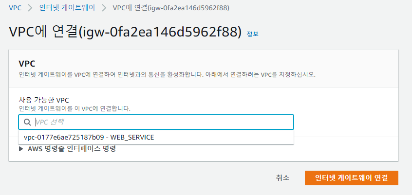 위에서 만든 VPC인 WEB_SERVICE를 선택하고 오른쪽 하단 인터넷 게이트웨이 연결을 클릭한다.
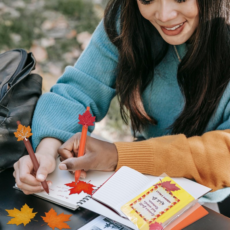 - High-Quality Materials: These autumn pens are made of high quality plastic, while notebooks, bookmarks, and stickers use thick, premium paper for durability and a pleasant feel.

########

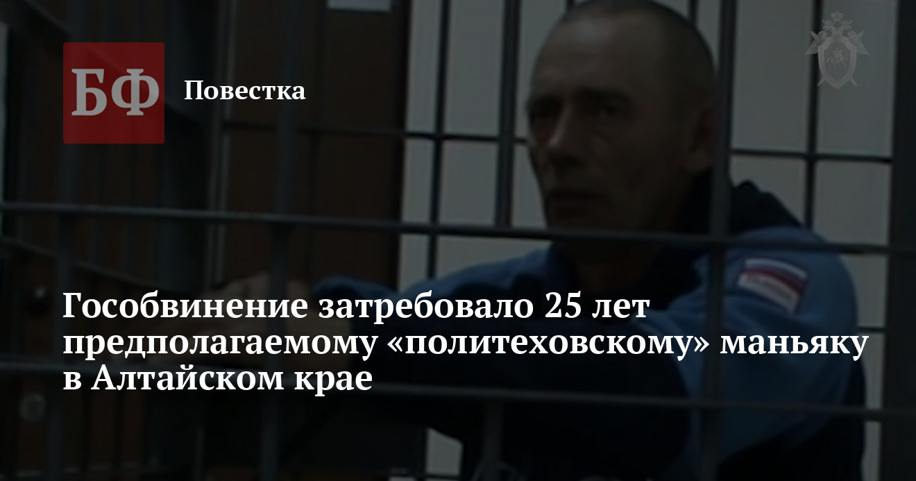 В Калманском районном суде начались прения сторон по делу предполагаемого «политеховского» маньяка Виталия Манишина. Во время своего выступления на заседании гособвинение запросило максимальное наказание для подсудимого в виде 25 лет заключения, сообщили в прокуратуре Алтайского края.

########

Return exactly the lines of the material above, starting at the line containing "위에서 만든 VPC인" and finishing at the line containing "- High-Quality Materials: These", without any pictures.

Problem solution ::
 위에서 만든 VPC인 WEB_SERVICE를 선택하고 오른쪽 하단 인터넷 게이트웨이 연결을 클릭한다.
 - High-Quality Materials: These autumn pens are made of high quality plastic, while notebooks, bookmarks, and stickers use thick, premium paper for durability and a pleasant feel.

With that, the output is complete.